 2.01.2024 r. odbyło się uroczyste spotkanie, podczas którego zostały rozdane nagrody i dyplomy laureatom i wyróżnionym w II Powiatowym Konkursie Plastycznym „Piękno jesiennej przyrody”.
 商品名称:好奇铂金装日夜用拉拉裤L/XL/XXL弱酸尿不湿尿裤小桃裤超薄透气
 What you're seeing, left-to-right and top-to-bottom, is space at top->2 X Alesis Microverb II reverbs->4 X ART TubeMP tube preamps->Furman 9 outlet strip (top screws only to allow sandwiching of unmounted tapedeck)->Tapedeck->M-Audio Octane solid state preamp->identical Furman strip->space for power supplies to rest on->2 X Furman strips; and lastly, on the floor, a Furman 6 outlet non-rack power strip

--

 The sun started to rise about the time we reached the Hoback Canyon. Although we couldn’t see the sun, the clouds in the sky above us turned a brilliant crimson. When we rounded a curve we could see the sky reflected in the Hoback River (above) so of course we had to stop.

## TASK DIRECTIONS
Within the material above, output exactly the lines from the one with "2.01.2024 r. odbyło" through the one with "What you're seeing, left-to-right", end lines included, and nothing besides.

## EXERCISE RESULT
 2.01.2024 r. odbyło się uroczyste spotkanie, podczas którego zostały rozdane nagrody i dyplomy laureatom i wyróżnionym w II Powiatowym Konkursie Plastycznym „Piękno jesiennej przyrody”.
 商品名称:好奇铂金装日夜用拉拉裤L/XL/XXL弱酸尿不湿尿裤小桃裤超薄透气
 What you're seeing, left-to-right and top-to-bottom, is space at top->2 X Alesis Microverb II reverbs->4 X ART TubeMP tube preamps->Furman 9 outlet strip (top screws only to allow sandwiching of unmounted tapedeck)->Tapedeck->M-Audio Octane solid state preamp->identical Furman strip->space for power supplies to rest on->2 X Furman strips; and lastly, on the floor, a Furman 6 outlet non-rack power strip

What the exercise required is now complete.